* _STORED DATA_:
○ ○ ○ ○
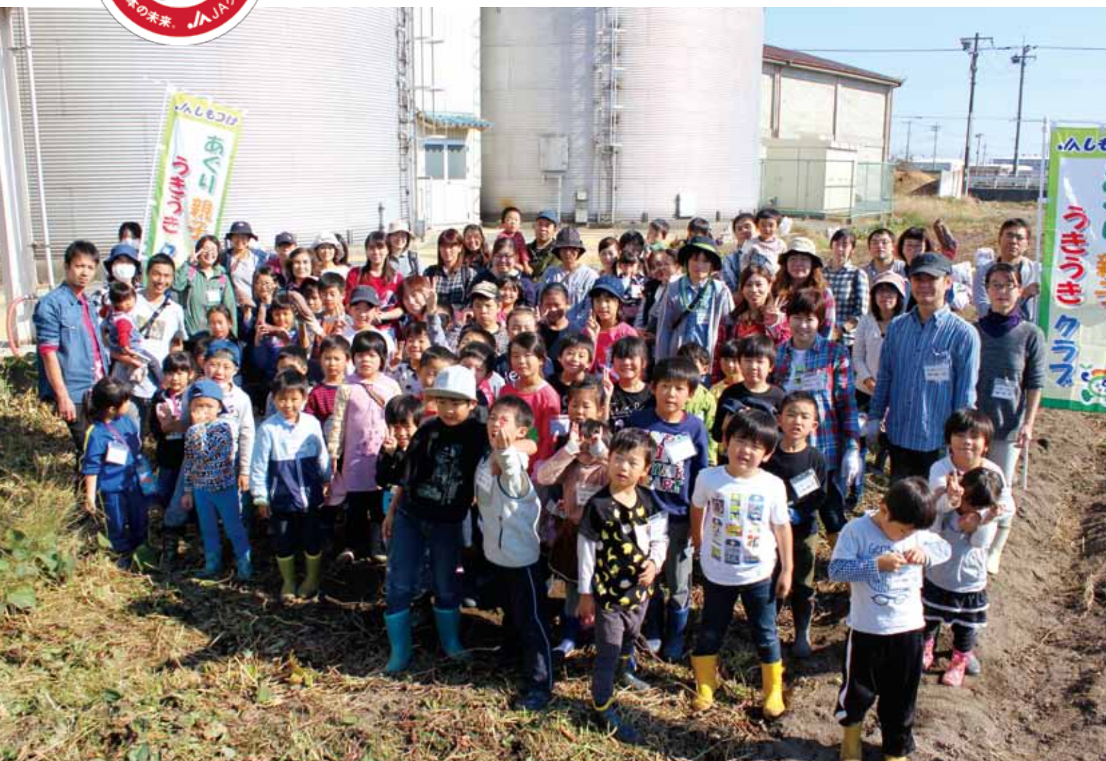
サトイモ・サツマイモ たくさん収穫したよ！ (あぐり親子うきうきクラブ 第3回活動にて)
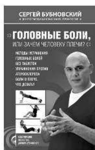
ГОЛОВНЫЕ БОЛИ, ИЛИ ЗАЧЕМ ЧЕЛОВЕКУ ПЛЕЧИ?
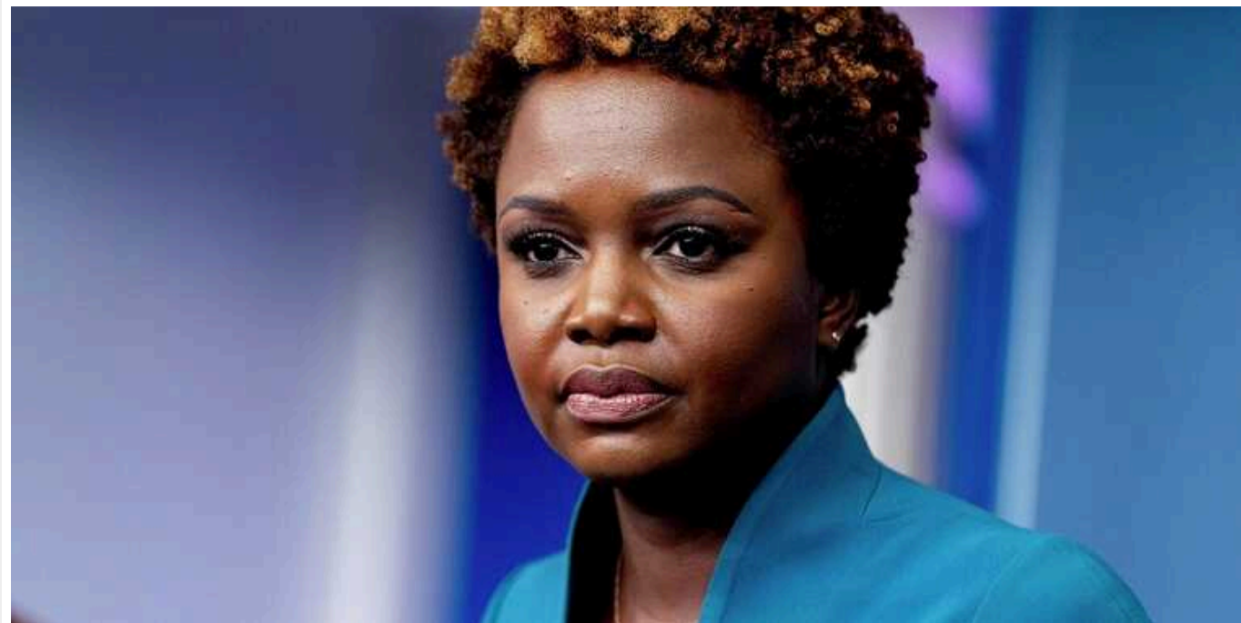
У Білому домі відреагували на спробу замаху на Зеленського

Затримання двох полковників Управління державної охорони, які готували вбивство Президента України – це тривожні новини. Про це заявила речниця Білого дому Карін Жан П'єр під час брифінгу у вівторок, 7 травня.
○ ○ ○ ○
* _REQUIRED WORK_: What is needed is an exact copy of the lines above, from the one holding "ГОЛОВНЫЕ БОЛИ, ИЛИ ЗАЧЕМ ЧЕЛОВЕКУ ПЛЕЧИ?" down to the one holding "У Білому домі", with those two included and the pictures left out.

* _RESPONSE BELOW_:
ГОЛОВНЫЕ БОЛИ, ИЛИ ЗАЧЕМ ЧЕЛОВЕКУ ПЛЕЧИ?
У Білому домі відреагували на спробу замаху на Зеленського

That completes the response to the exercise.